The Full Retrieval Flow
- Get the map — The AI reads the L0 overview (~500-800 tokens): title, executive summary, table of contents.
- Search — The AI sends a query. Hybrid search returns the top passages with scores, locations, and which search systems matched.
- Drill down — The AI requests the full content of the most promising passages.
Total context per query: ~1,000-2,000 tokens.
Search Enhancements
Four optional features push search quality further. All are off by default and can be enabled per-query or globally.
Auto-merge — When 3 or more L3 passages from the same L2 section all match a query, that is a signal the whole section is relevant. Auto-merge returns the parent L2 section instead of the individual fragments, giving the AI more coherent context. Enable with --auto-merge or INGEST_AUTO_MERGE_ENABLED=true.
HyDE (Hypothetical Document Embeddings) — Instead of embedding the raw query, Ingestible first asks an LLM to generate a hypothetical answer paragraph, then embeds that. The hypothetical answer is closer in vector space to the actual answer than the question is. Useful for complex or abstract queries. Enable with --hyde or INGEST_HYDE_ENABLED=true.
Knowledge graph retrieval — When knowledge graph extraction is enabled during enrichment, Ingestible builds a graph of entity relationships (e.g., "Hollandaise — is_a — Mother Sauce", "Bechamel — uses — Roux"). At search time, the graph finds related chunks that share entities with the top results but might not match by text. Enable with --kg or INGEST_KG_RETRIEVAL_ENABLED=true.
Cross-encoder reranking — A second-pass reranker that processes each (query, passage) pair together for more accurate scoring. Slower than the initial retrieval but more precise. The top candidates from RRF fusion are rescored and reblended. Configure with INGEST_RERANKER_MODEL.
What Makes It Different
The core insight is token economics.
Most RAG systems retrieve chunks and stuff them into context. Ingestible takes a different approach: it builds a hierarchical knowledge store with three complementary search indexes, so the AI reads only what it needs.
The Numbers
| Document | Full context | Per query | Savings |
|---|---|---|---|
| 55-page research paper | 4,975 tokens | ~585 tokens | 88% |
| 513-page book | 92,598 tokens | ~1,317 tokens | 99% |
| 1,000-page technical manual | ~180,000 tokens | ~2,000 tokens | 99% |
The 1,000-page manual does not even fit in most context windows. Without hierarchical retrieval, the AI simply cannot use it. With Ingestible, it costs ~2,000 tokens per query — room for dozens of queries in a single conversation.
Why It Works
Nothing is lost. All content is stored and indexed. The savings come from the AI reading only what is relevant per query, not from discarding content.
The hierarchy is the map.
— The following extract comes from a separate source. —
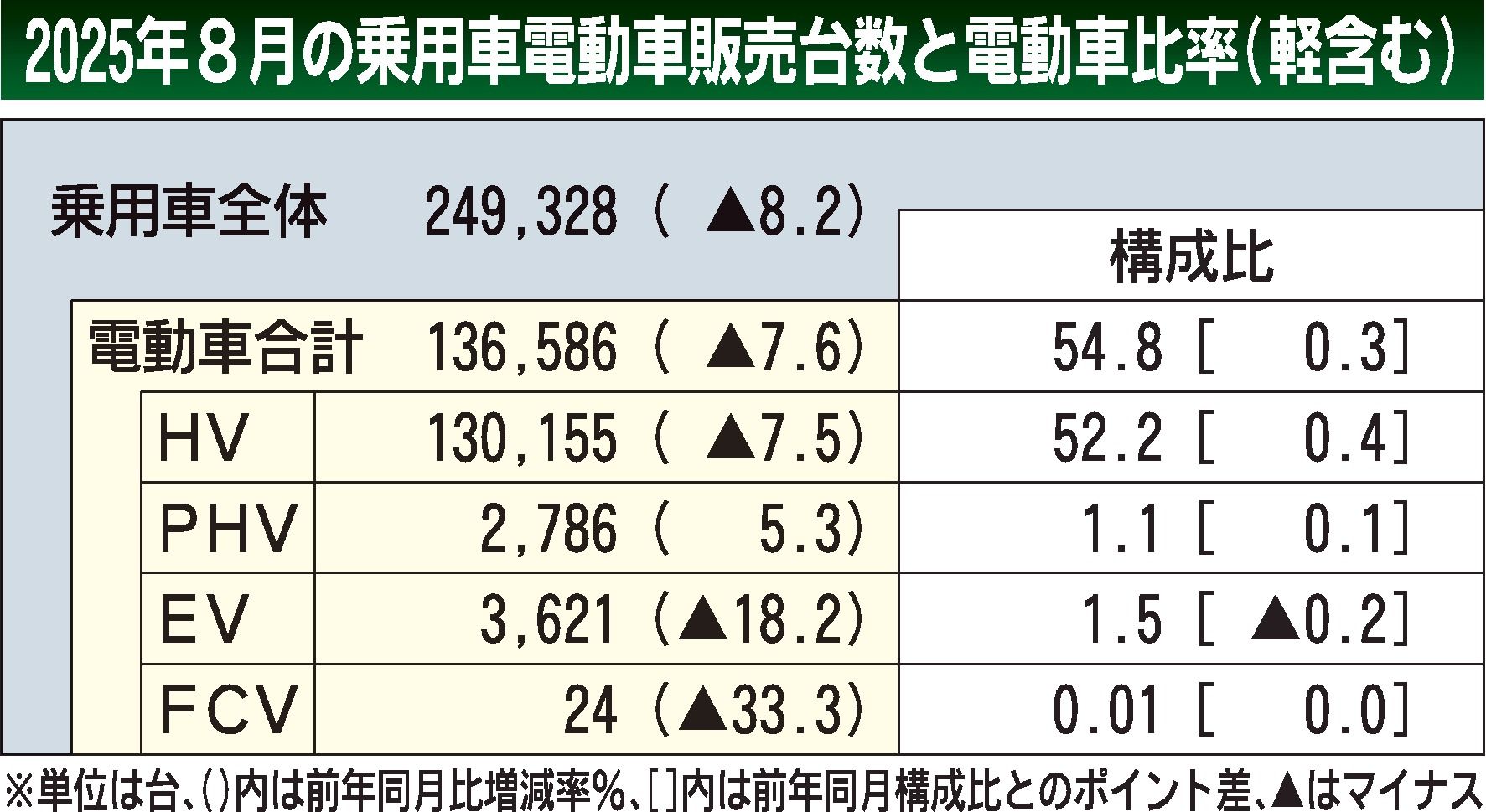 8月の国内電動車販売台数(乗用車)は、前年同月比7.6%減の13万6586台となり、2カ月連続で前年実績を下回った。商品切り替えの影響などで乗用車市場(同8.2%減)そのものが落ち込み、電動車販売も低迷した。乗用車市場に占める電動車比率は...

The L0 overview tells the AI the full structure of the document in ~800 tokens. It knows where topics live before searching.
Semantic search finds meaning, not keywords. "How do I handle sensory overload?" matches "nervous system overflow reactions" because vector embeddings capture meaning.
Multiple systems cross-validate. A passage found by both vector search and keyword search is more likely relevant than one found by only one system. RRF fusion makes this automatic.
Enrichment pays for itself. A one-time LLM pass at ingestion (~$0.20 for a 500-page book) generates summaries, hypothetical questions, and concept tags that improve every subsequent query. No LLM calls at search time.